DESCRIPTION OF THE TASK
Shown below is a listing with pictures; reproduce exactly, and only, the lines between the ones containing "Edgar Dale developed" and "Sunday will be", inclusive, leaving the pictures out.

PROVIDED DATA
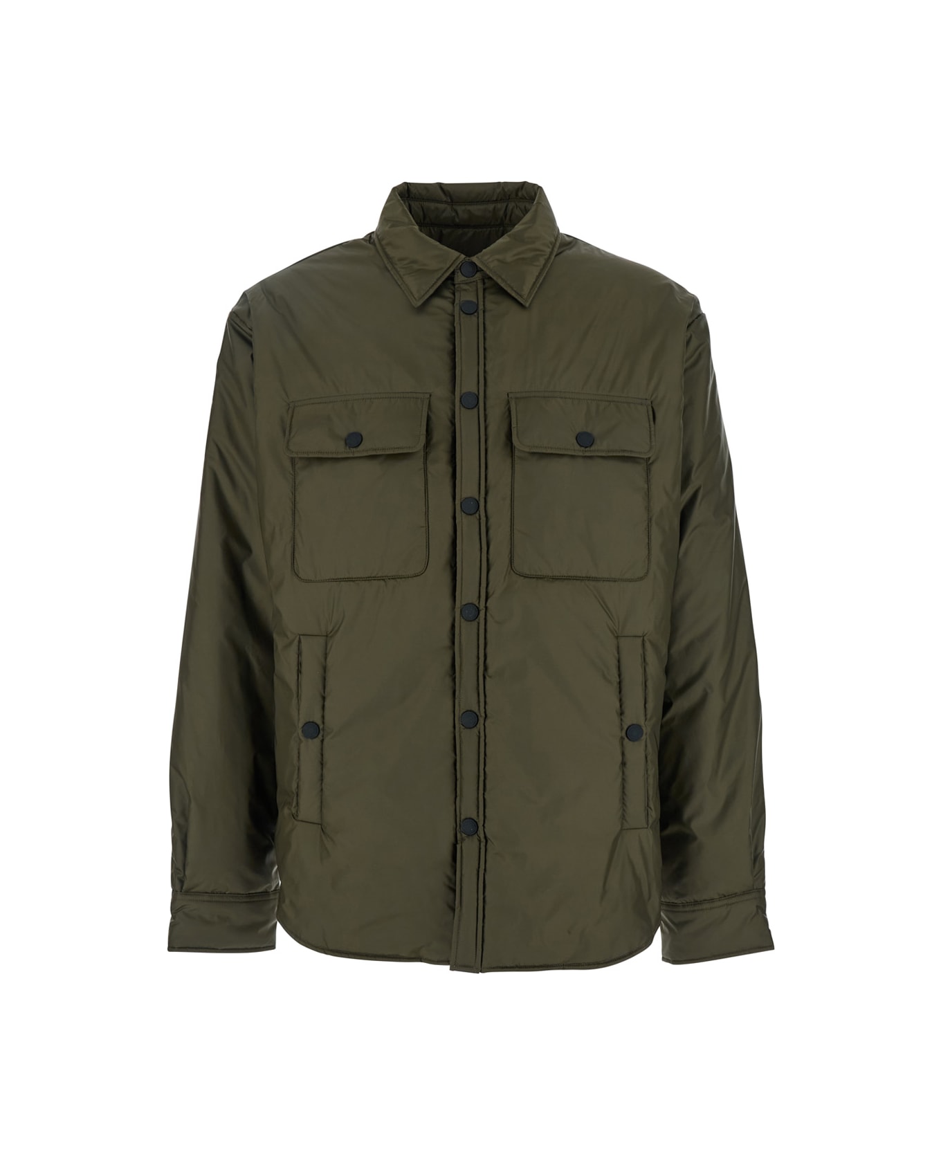 Jacket Green Pointed collar Long sleeves Front button closure Two flap pockets on the chest Two side button pockets Application logo on the back Cuffs with button Down filled Tech fabric Regular fit
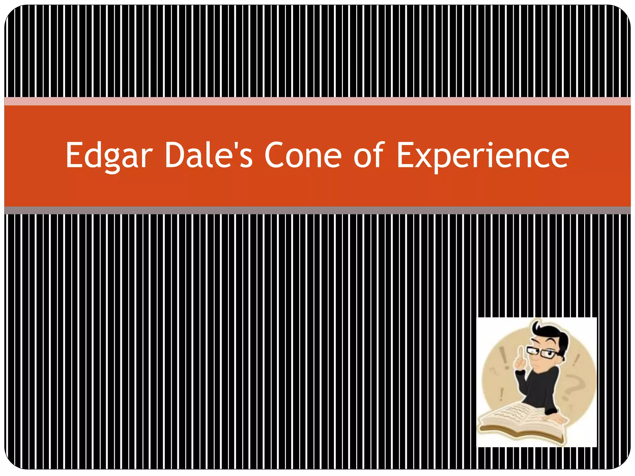 Edgar Dale developed the Cone of Experience to show the relationship between how information is presented in instruction and learner outcomes. At the base of the cone are more concrete experiences like direct participation. As the cone narrows, experiences become more abstract, ending with symbolic representations using words and symbols. The cone was influenced by theories that learning progresses from concrete to abstract. It is often misinterpreted as requiring instruction to always move from bottom to top, but Dale intended it as a tool to help teachers select effective media to move students between concrete and abstract understanding.
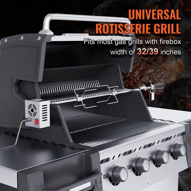 VEVOR Universal Grill Rotisserie Kit for Grills, Electric BBQ Grill with 110V 9W Motor, Stainless Steel Automatic Grilling Kit, Heavy Duty 32"/39" Hexagon Spit Rod, 26 lbs Capacity Grill Attachment
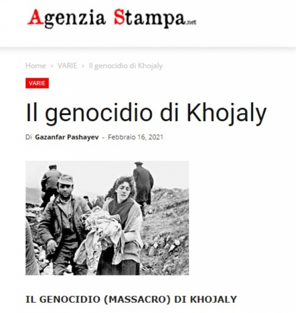 İtaliyanın “agenziastampa.net” xəbər portalında “Xocalı soyqırımı” sərlövhəli məqalə dərc olunub.
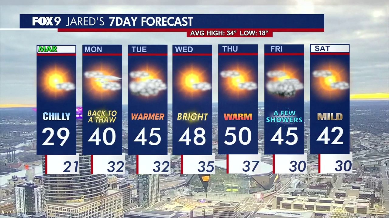 Sunday will be the last cool day before mild temperatures return for the work week. FOX 9 meteorologist Jared Piepenburg has the full forecast.
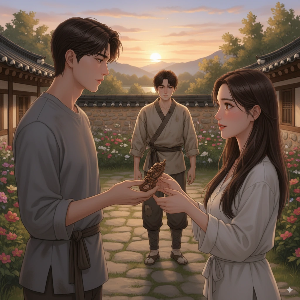 "소저님께서... 소저님께서 기침을 많이 하시는 것 같아서... 이것을 목에 차시면 기침에 도움이 된다고 합니다." 정치가 조심스럽게 내밀었다.서영은 정치의 진심어린 마음을 느낄 수 있었다. 비록 신분은 다르지만 그의 순수한 마음에 감동했다."고마워요. 정성이 느껴져요." 서영이 부드럽게 말하며 장신구를 받았다.정치의 얼굴에 환한 미소가 피어올랐다. 하지만 그 순간 산갑이가 나타났다."서영 양, 여기 계셨군요." 산갑이가 다가오며 정치를 발견했다. "정치야, 무슨 일이냐?""아... 아무것도 아닙니다, 도련님." 정치가 황급히 고개를 숙였다.산갑이는 서영의 손에 들린 나무 장신구를 보고 눈썹을 찌푸렸다."이것은 뭐냐?" 산갑이가 차가운 목소리로 물었다."정치가... 제 건강을 걱정해서 만들어준 것이에요." 서영이 조심스럽게 말했다. 순갑이의 마음에 묘한 질투심이 일어났다. 정치가 서영에게 관심을 보이는 것이 불쾌했다."정치야, 네가 서영 양께 함부로 접근하는 것은 적절하지 않다." 산갑이 엄한 목소리로 말했다. 정치는 고개를 더욱 깊이 숙였다. 자신의 감정이 얼마나 무모한 것인지를 깨달았다."죄송합니다, 도련님." 정치가 작은 목소리로 말하고는 그 자리를 떠났다. 서영은 정치의 뒷모습을 안쓰럽게 바라보았다. 그의 순수한 마음을 알 수 있었기에 더욱 마음이 아팠다. "산갑 도련님, 너무 하신 것 아니에요? 그분은 그저 친절을 베푼 것뿐인데..." 서영이 조심스럽게 말했다. 산갑이는 자신의 질투심을 드러낸 것을 후회했다. 하지만 서영을 향한 자신의 마음이 이렇게 강할 줄은 몰랐다."죄송합니다, 서영 양. 제가 너무 성급했습니다." 선갑이가 미안해하며 말했다. 한편 정치는 혼자 저수지 근처로 가서 깊은 한숨을 쉬었다.
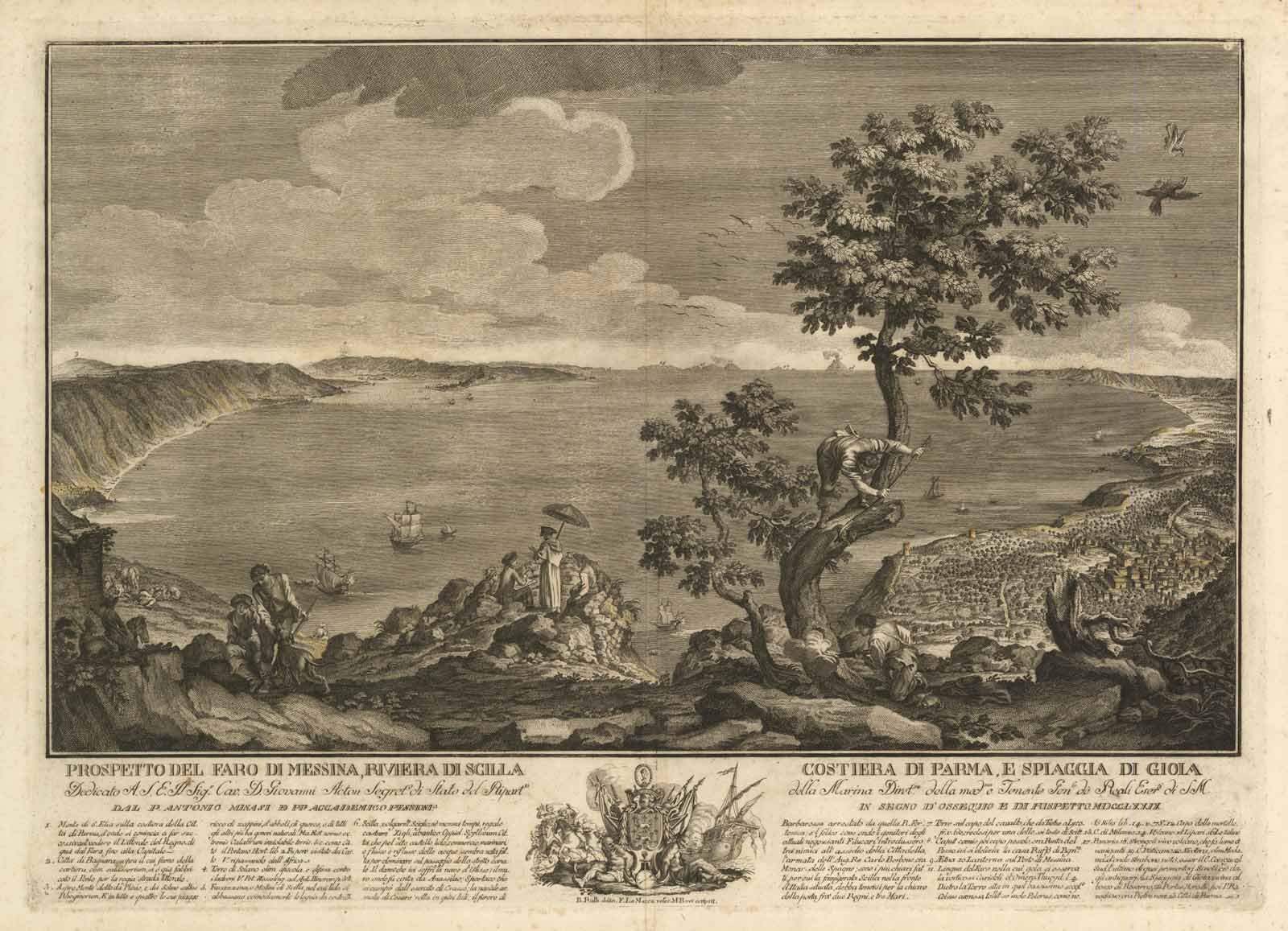 Ampia veduta del tratto di costa compreso tra le località di Scilla e Capo Vaticano in Calabria. In lontananza, sulla sinistra, si scorge la lanterna sul porto di Messina alle cui spalle si riconosce il profilo dell'Etna. Lungo la linea dell'orizzonte si notano i profili delle Isole Eolie. La scena è animata in primo piano dalla presenza di alcuni cacciatori, un pastore assopito ed un gruppetto di uomini. L'incisione è dedicata a Giovanni Acton, di cui al centro compare lo stemma araldico, il quale arrivò dal Gran Ducato di Toscana su richiesta della regina Maria Carolina di Napoli per riorganizzare la Marina dei Regni di Napoli e di Sicilia. Questi nell'anno di edizione della stampa venne promosso Tenente Generale e nominato Segretario di Stato della Marina. Ottimo lo stato di conservazione generale. Molto rara. Autore: Minasi Antonio dis. Luogo: Calabria - Sicilia. Anno: 1779. Tecnica: incisione in rame. Dimensioni: 374x625 mm
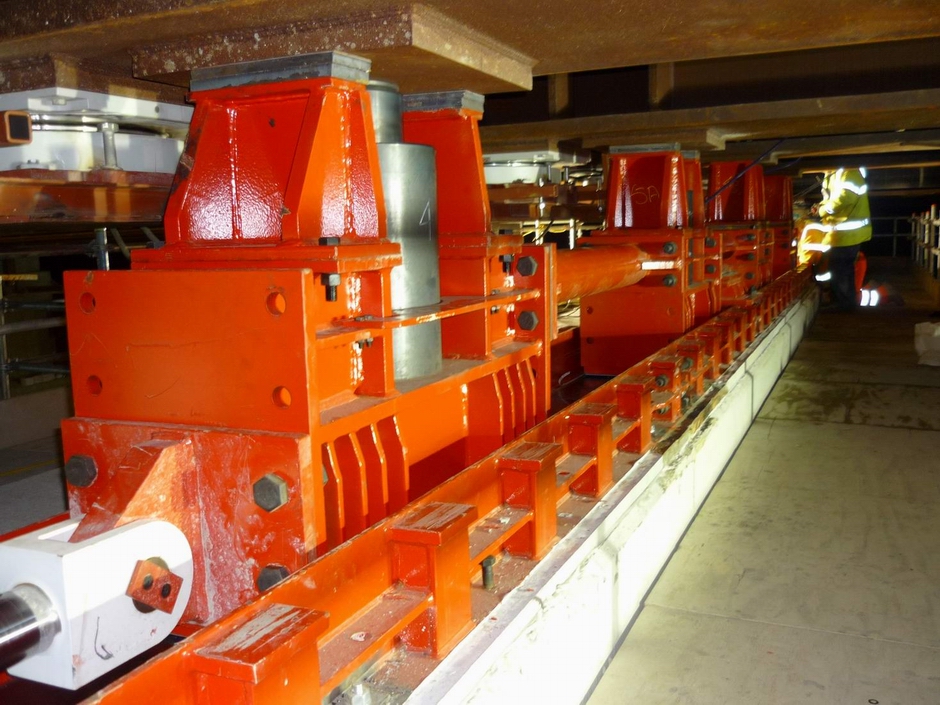 The DL-SU350 bridge sliding system was developed specially for this application and is capable of both vertical jacking and horizontal skidding, with a maximum safe working load at each support point of 350 tonnes. 32 No DL-SU350 units were used for this project, arranged on 8 skid lines with 4 support points for line. The system is capable of maintaining a support point level tolerance of +/- 2mm during skidding and has a movement speed of 7.5 m/hour. For further details please contact us.
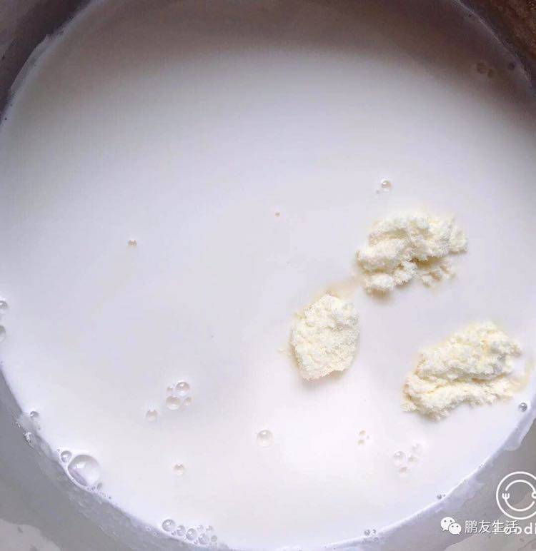 奶锅中倒入500ml牛奶稍微加热一下,然后倒入奶粉混合均匀,搅拌至奶粉完全融化。
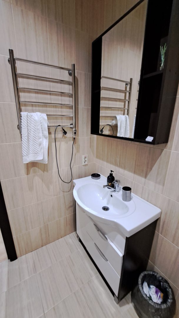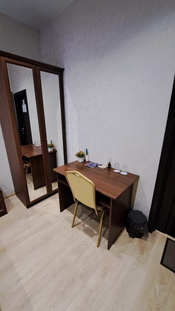 По номеру - он комфортен по размерам, есть где развернуться несмотря на одноместность, кровать удобная, матрас не продавлен, если бы не миллион звуков, я бы наверное выспалась!)) Горячую воду пришлось подождать - видимо нагреватель, но она была, и это прекрасно! Есть холодильник, чайник выдали по запросу, в холле есть кулер с питьевой водой. Есть пара стеклянных стаканов в номере. Кондиционера в номере не было (мне не критично, но вдруг кому-то важно), был вентилятор - включала перед сном (первые числа августа были жаркими) Телевизор рабочий (если это кому-то важно), сеть ловило только у окна, но тут пришёл на помощь вай-фай - работает исправно! Рядом с отелем есть продуктовые магазины и кафе.

TASK SOLUTION
 Edgar Dale developed the Cone of Experience to show the relationship between how information is presented in instruction and learner outcomes. At the base of the cone are more concrete experiences like direct participation. As the cone narrows, experiences become more abstract, ending with symbolic representations using words and symbols. The cone was influenced by theories that learning progresses from concrete to abstract. It is often misinterpreted as requiring instruction to always move from bottom to top, but Dale intended it as a tool to help teachers select effective media to move students between concrete and abstract understanding.
 VEVOR Universal Grill Rotisserie Kit for Grills, Electric BBQ Grill with 110V 9W Motor, Stainless Steel Automatic Grilling Kit, Heavy Duty 32"/39" Hexagon Spit Rod, 26 lbs Capacity Grill Attachment
 İtaliyanın “agenziastampa.net” xəbər portalında “Xocalı soyqırımı” sərlövhəli məqalə dərc olunub.
 Sunday will be the last cool day before mild temperatures return for the work week. FOX 9 meteorologist Jared Piepenburg has the full forecast.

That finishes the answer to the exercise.